Опылители Эдема | страница 81



— Тогда, памятуя о своем безразличии, вырвите из совокупности всего один.

— Рвите сами, — сказал он безучастно, — вы ведь жрица науки.

— А вы — мокрая курица, — обозвала она его одним из его же эпитетов двадцатого столетия и наклонилась над росшим на краю клумбы женским тюльпаном, чтобы вырвать цветок. Именно в тот момент, когда она вырывала растение из земли, из его воздушной камеры послышался вздох, похожий на мягкий хлопок далекого взрыва, точь-в-точь такой же, как она слышала, когда в тот вечер срезала пластинчатый лист с тогда еще живого женского тюльпана. Она вдруг порадовалась, что Полино, закрыв глаза руками, стоял в драматической позе вне пределов слышимости. Он написал бы целую диссертацию об этом звуке, положив его в основу разного рода легковесных теорий и бредовых домыслов, призванных доказать, что у этих растений есть эмоции.

— Дело сделано, — сказала она. — Уже можно открыть глаза.

— Убийство, отвратительное убийство, — воскликнул он, направляясь к тюльпану, который она положила на брезент. Вздувшийся стручок треснул по одной из бороздок для выброса семян, и сквозь трещину виднелось восемь расположенных в ряд крошечных зернышек, но стручок не подавал признаков жизни. Ногтями больших пальцев она раскрыла стручок по бороздке, чтобы лучше разглядеть их.

— Они выглядят не менее зрелыми, чем те — из погибшего цветка, которые недозрели, но дали всходы.

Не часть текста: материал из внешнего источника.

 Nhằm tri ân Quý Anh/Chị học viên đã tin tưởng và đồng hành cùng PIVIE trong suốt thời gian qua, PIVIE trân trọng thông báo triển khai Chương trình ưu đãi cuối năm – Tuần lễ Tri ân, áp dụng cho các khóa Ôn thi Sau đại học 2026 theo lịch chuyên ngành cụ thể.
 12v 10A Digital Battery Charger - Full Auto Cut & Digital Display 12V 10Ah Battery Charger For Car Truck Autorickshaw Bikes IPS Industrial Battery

— Но она не выбросила их в предсмертных родовых муках, — недовольно проворчал он.

— То растение умирало медленной смертью, — сказала она.

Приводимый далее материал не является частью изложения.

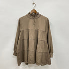 ティアードのデザインが女性らしいチュニックです。広がりすぎないシルエットで、パギンスと合わせたカジュアルな着こなしもおすすめです。」

— Вы правы, — согласился он. — И она знала, что умирает. Эта не ожидала смерти. Она вам доверяла.

— Я уверена, что, как только стебель станет подсыхать, семена начнут выстреливаться.

Он на минуту задумался:

— Когда я прореживал клумбы и складывал ростки в ведро, они не сохли… Слышите!

Легкий ветерок зашевелил сад, возбудив воздушные камеры тюльпанов, и те стали издавать чуть слышный шелест, который был подобен эху предсмертного вздоха вырванного ею женского цветка. Воздушные камеры многих тюльпанов зазвучали в унисон, и это звучание становилось все сильнее и делалось похожим на плач с оттенками жалости и грусти. Каждый тюльпан передавал этот звук соседнему, и вздох то разрастался, то затихал в завываниях печали и горя. Фреда подняла на Хала озадаченный взгляд, когда он медленно, без тени богохульства, а лишь с сожалением в голосе произнес:

— Господи!

Ветер стих, но звук все усиливался.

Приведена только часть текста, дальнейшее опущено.